(TO DO) Starting at the first line of the listing below, repeat each line exactly until you have repeated the one containing "環境衛生、文化の発表風景。教室では、発表ごとに拍手が聞こえます。"; skip the pictures.

(PROVIDED RECORDS)
----------------------------------------

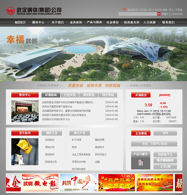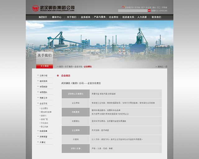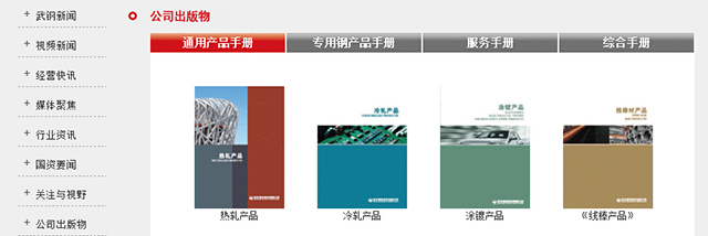 武钢网站以灰色作为主色,整体看起来显得比较沉闷。
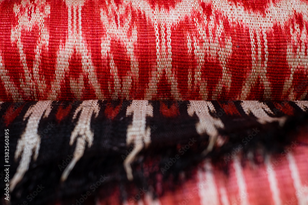 Closeup of T'nalak clothes in various colors and design patterns made from quality Abaca plant fiber, hand crafted by indigenous people in the south of the Philippines, Lake Sebu & T'boli. Animal free
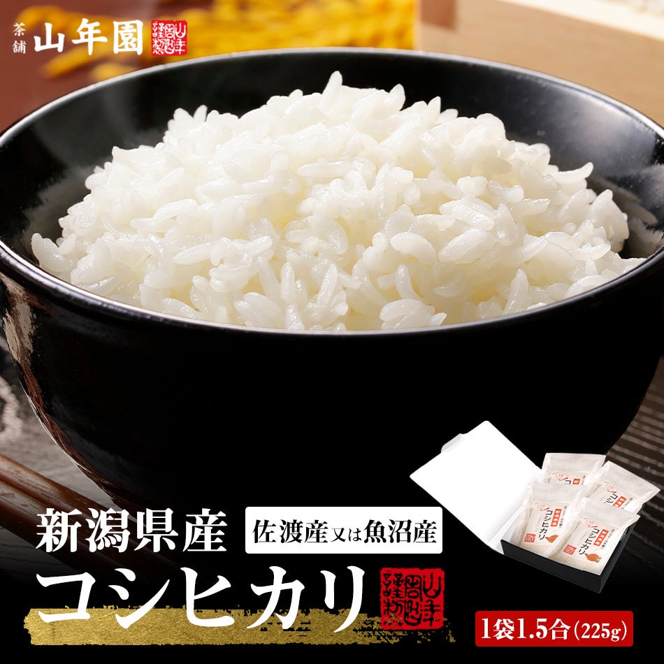 米 新潟県佐渡産または魚沼産 コシヒカリ 1.5合(225g)×4袋セット 3,600円
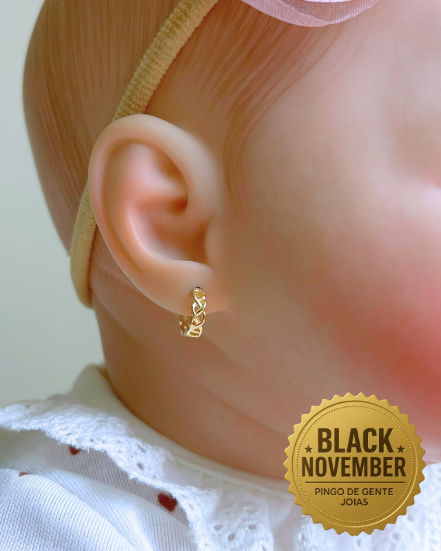 O Brilho Delicado do Amor e Cuidado. Argola baby de click e fios entrelaçados.
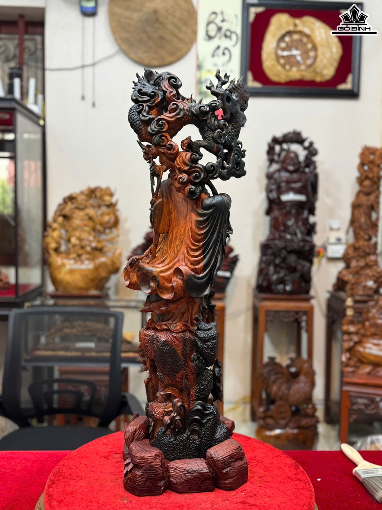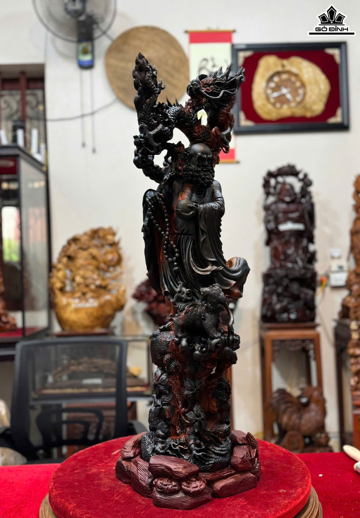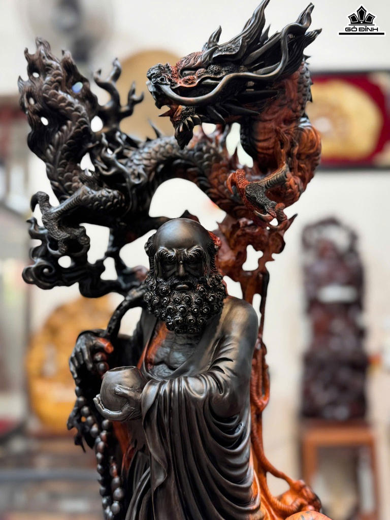 Tượng Đạt Ma Hàng Long Phục Lân Gỗ Trắc Cao 79 Ngang 24 Sâu 21 (cm)
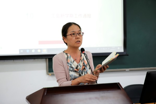 最后,比基尼 工会主席苏俊玲代表学院工会通报了上学期工会工作成果、工会委员选举变动,以及新学期工会工作新计划和新部署。“有困难找工会,工会就在你身边”。苏主席质朴却贴心的结束语无不让在场每位教职工感到暖心。
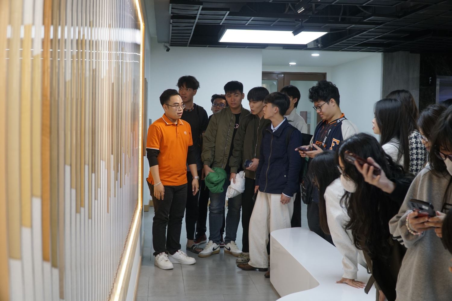 Kết thúc buổi tham quan, sinh viên được khám phá không gian làm việc sáng tạo, trẻ trung và đậm chất FPT - nơi tinh thần "Tôn trọng - Đổi mới - Đồng đội" được thể hiện rõ trong từng góc làm việc.
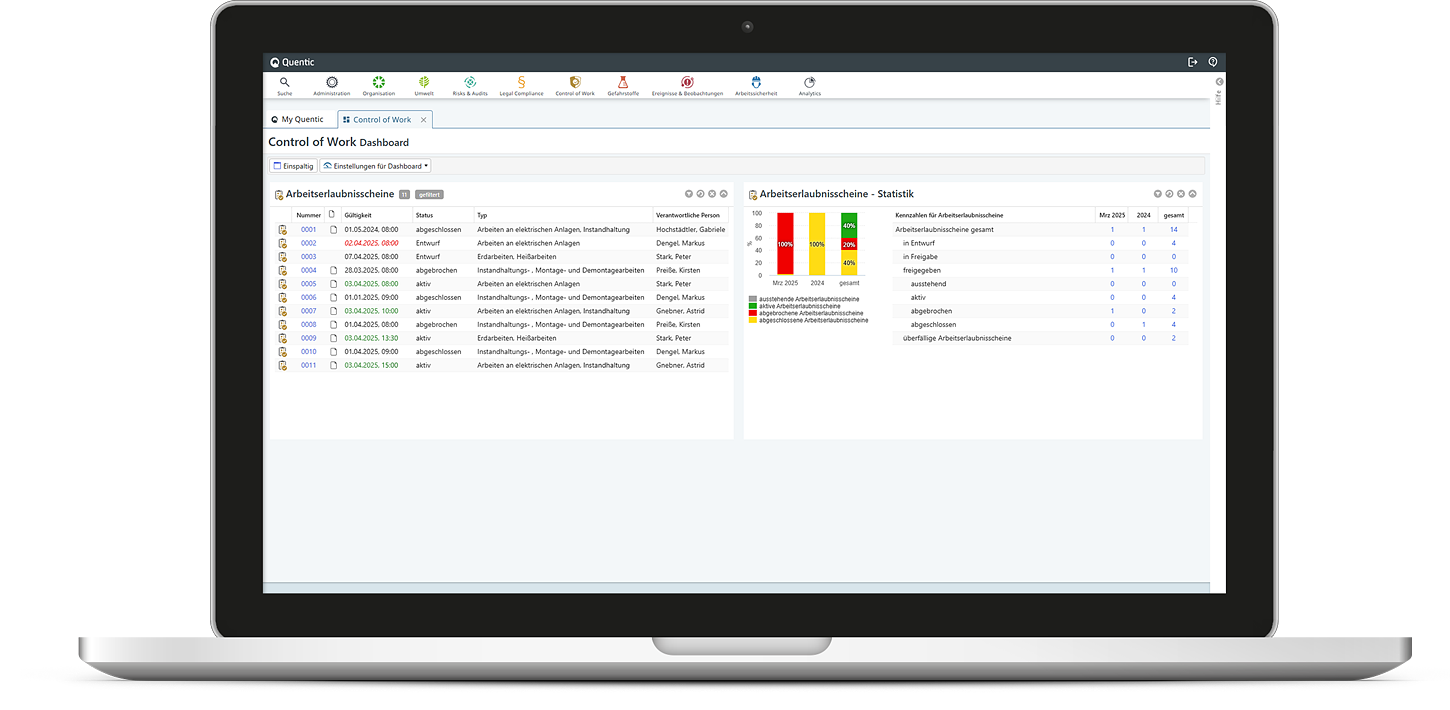 Mit Quentic Arbeitssicherheit erstellen Sie komplette Gefährdungsbeurteilungen für betriebliche Tätigkeiten und Arbeitsmittel. An diese können Ihre Control-of-Work-Prozesse direkt anknüpfen.
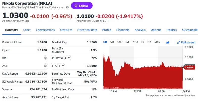 1일(현지시간) 뉴욕증시에서 니콜라는 전거래일보다 0.96% 하락한 1.03달러를 기록했다.
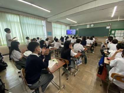 環境衛生、文化の発表風景。教室では、発表ごとに拍手が聞こえます。
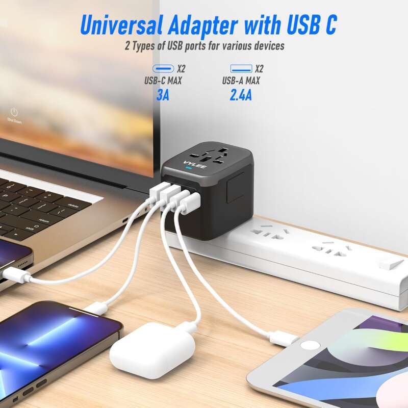 - 5 in 1 Travel Adapter Worldwide: Charge up to 5 devices simultaneously at high speed with 2 USB-A ports (2.4A), 2 USB-C port (3A), and 1 AC socket.The travel adapters with smart chip can automatically charge most of devices, compatible for iPad, iPhone, Android, digital camera, MP3, etc. NOT for high-power appliances such as conair hair dryers, hair straightener
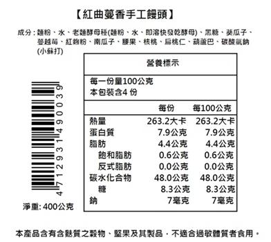 成 分:麵粉、水、老麵酵母種(麵粉、水、即溶快發乾酵母)、黑糖、葵瓜子、蔓越莓、紅麴粉、南瓜子、腰果、核桃、扁桃仁、葫蘆巴、碳酸氫鈉(小蘇打)
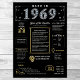 Step back into 1969 with our captivating digital birthday poster, brimming with historical facts, noteworthy events, and intriguing stories from the past. Adorned with elegant gold and silver details against a bold black background, featuring unique symbols and stylish text, this birthday poster exudes timeless charm. Whether sparking conversations at birthday gatherings or cherished as a keepsake, it evokes nostalgic memories.
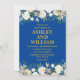 Blue and Gold Boho Bohemian Chic Greenery Wedding Invitation
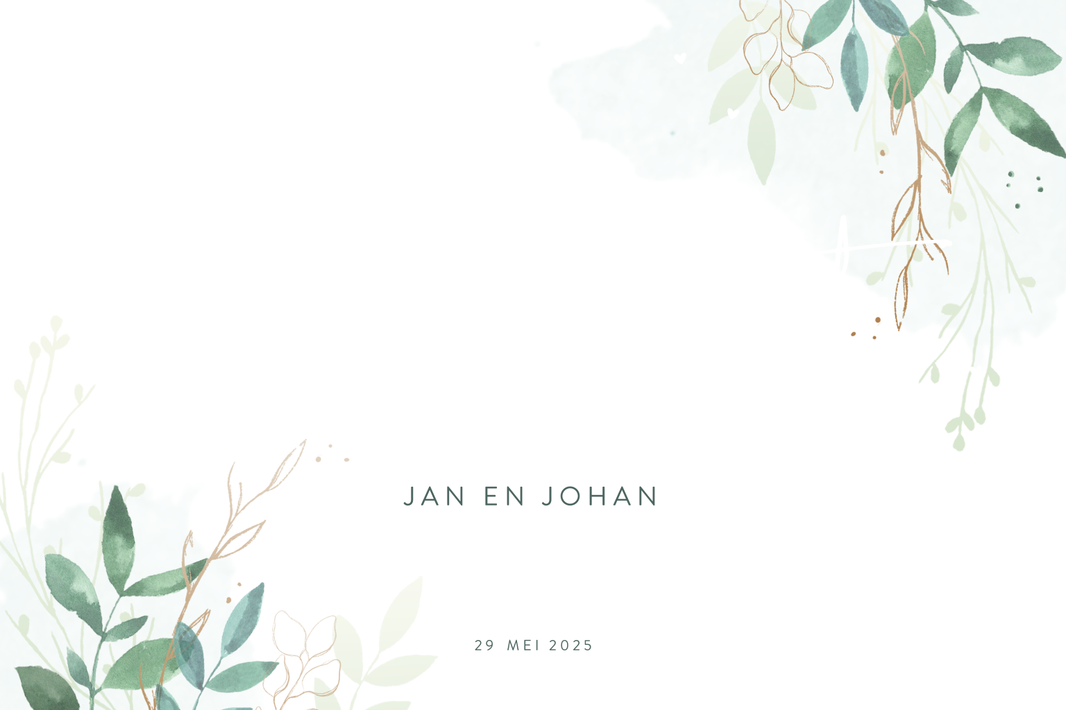 Kondig jullie jubileumfeest aan met deze stijlvolle uitnodiging. Er staat een aantal botanische elementen op dit kaartje in de vorm van watercolor takjes met bladeren. De trendy tekst en de kleine hartjes in roségoudfolie springen er echt uit en geven de kaart een luxe uitstraling.

----------------------------------------

(ANSWER SECTION)
 武钢网站以灰色作为主色,整体看起来显得比较沉闷。
 Closeup of T'nalak clothes in various colors and design patterns made from quality Abaca plant fiber, hand crafted by indigenous people in the south of the Philippines, Lake Sebu & T'boli. Animal free
 米 新潟県佐渡産または魚沼産 コシヒカリ 1.5合(225g)×4袋セット 3,600円
 O Brilho Delicado do Amor e Cuidado. Argola baby de click e fios entrelaçados.
 Tượng Đạt Ma Hàng Long Phục Lân Gỗ Trắc Cao 79 Ngang 24 Sâu 21 (cm)
 最后,比基尼 工会主席苏俊玲代表学院工会通报了上学期工会工作成果、工会委员选举变动,以及新学期工会工作新计划和新部署。“有困难找工会,工会就在你身边”。苏主席质朴却贴心的结束语无不让在场每位教职工感到暖心。
 Kết thúc buổi tham quan, sinh viên được khám phá không gian làm việc sáng tạo, trẻ trung và đậm chất FPT - nơi tinh thần "Tôn trọng - Đổi mới - Đồng đội" được thể hiện rõ trong từng góc làm việc.
 Mit Quentic Arbeitssicherheit erstellen Sie komplette Gefährdungsbeurteilungen für betriebliche Tätigkeiten und Arbeitsmittel. An diese können Ihre Control-of-Work-Prozesse direkt anknüpfen.
 1일(현지시간) 뉴욕증시에서 니콜라는 전거래일보다 0.96% 하락한 1.03달러를 기록했다.
 環境衛生、文化の発表風景。教室では、発表ごとに拍手が聞こえます。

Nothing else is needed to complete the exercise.